Problem details:
Return the full listing unchanged, excluding any images it contains.

Data extract:
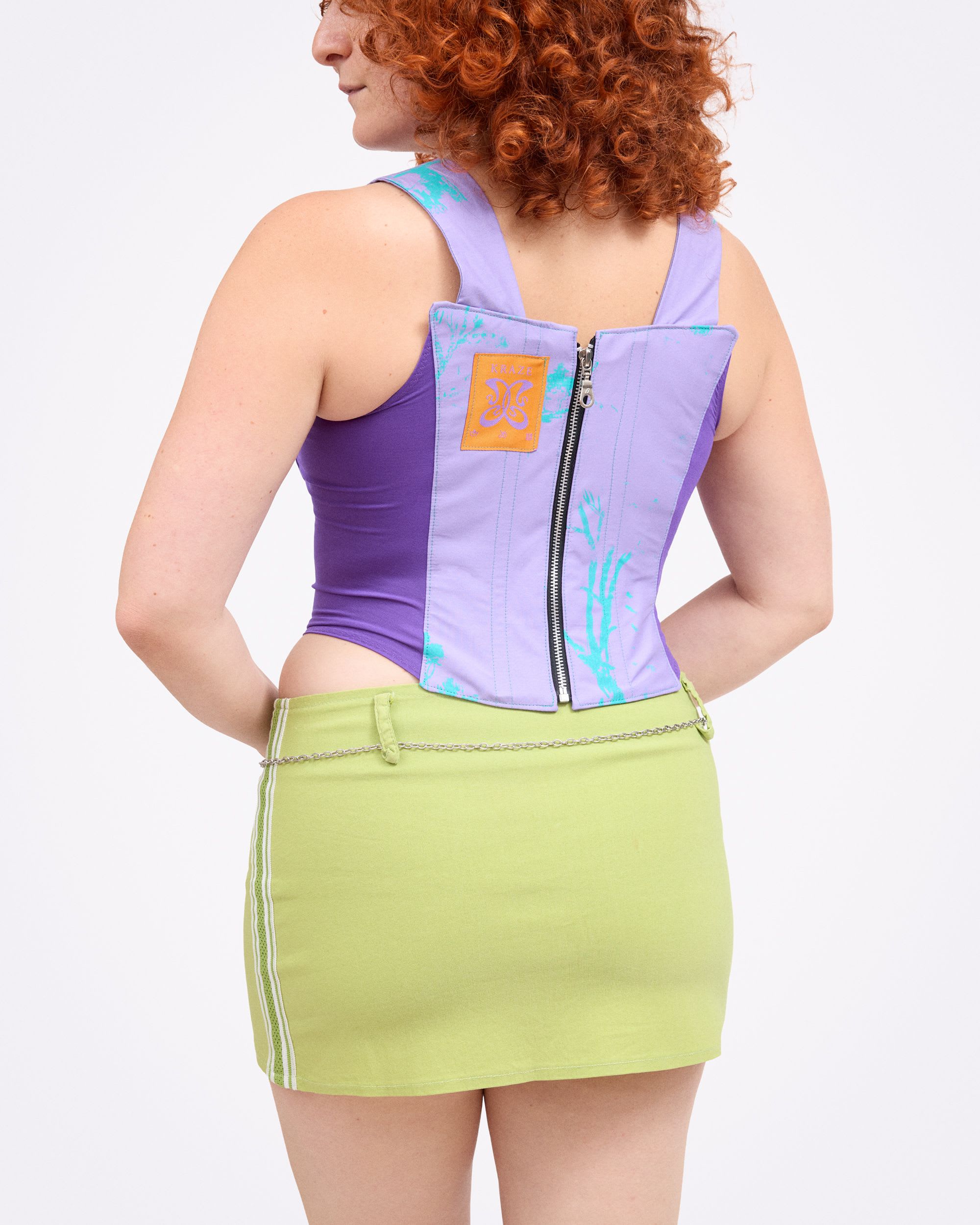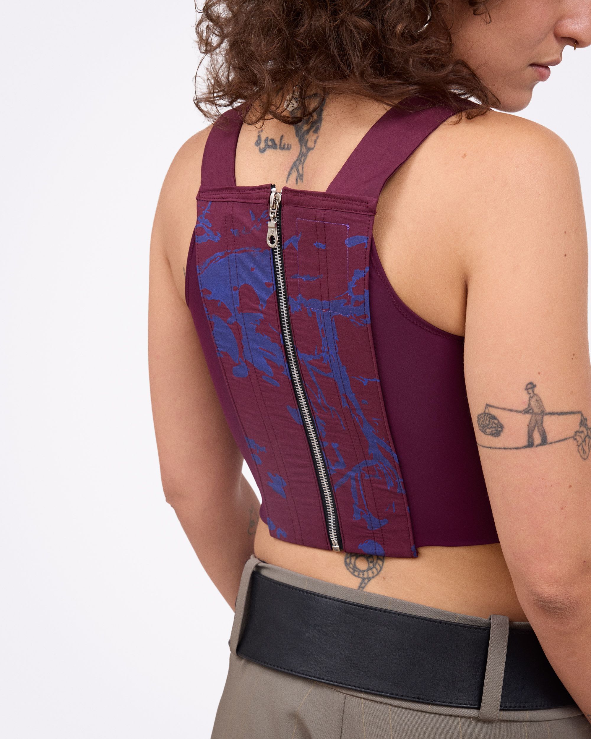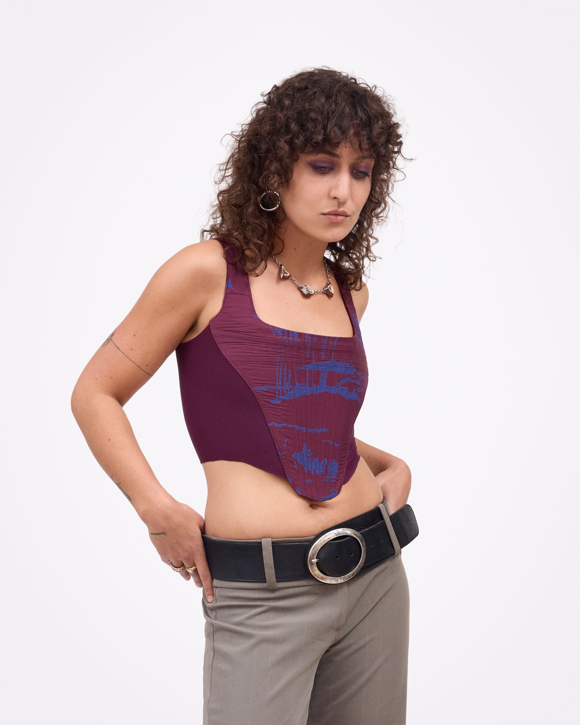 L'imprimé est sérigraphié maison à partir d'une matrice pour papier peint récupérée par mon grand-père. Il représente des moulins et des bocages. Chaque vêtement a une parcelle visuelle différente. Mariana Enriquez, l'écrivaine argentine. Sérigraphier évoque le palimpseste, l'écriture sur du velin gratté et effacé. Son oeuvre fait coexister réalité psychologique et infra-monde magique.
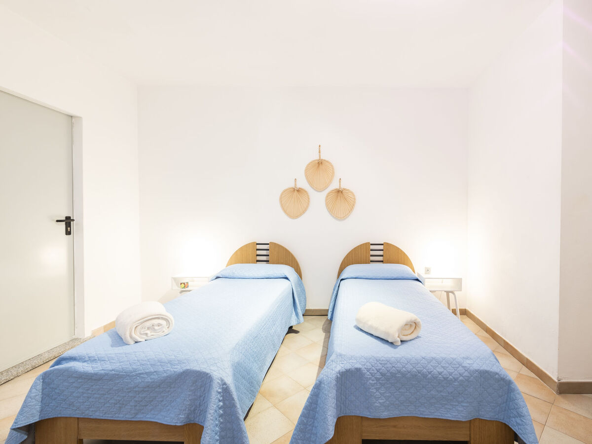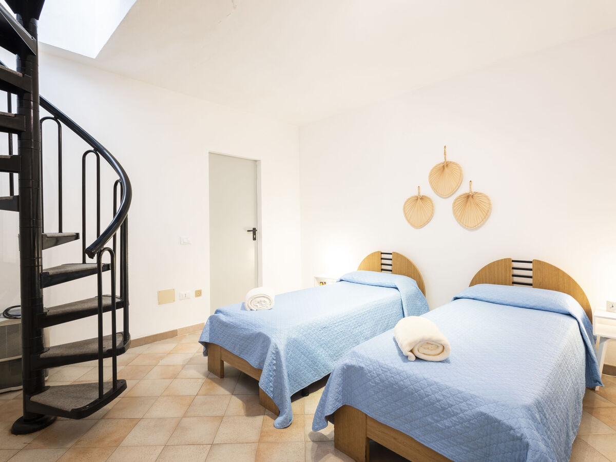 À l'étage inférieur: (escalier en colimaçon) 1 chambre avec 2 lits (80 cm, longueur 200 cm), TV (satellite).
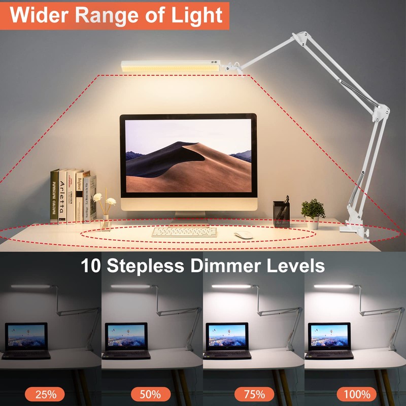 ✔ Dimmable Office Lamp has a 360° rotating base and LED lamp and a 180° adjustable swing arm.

Solution below:
 L'imprimé est sérigraphié maison à partir d'une matrice pour papier peint récupérée par mon grand-père. Il représente des moulins et des bocages. Chaque vêtement a une parcelle visuelle différente. Mariana Enriquez, l'écrivaine argentine. Sérigraphier évoque le palimpseste, l'écriture sur du velin gratté et effacé. Son oeuvre fait coexister réalité psychologique et infra-monde magique.
 À l'étage inférieur: (escalier en colimaçon) 1 chambre avec 2 lits (80 cm, longueur 200 cm), TV (satellite).
 ✔ Dimmable Office Lamp has a 360° rotating base and LED lamp and a 180° adjustable swing arm.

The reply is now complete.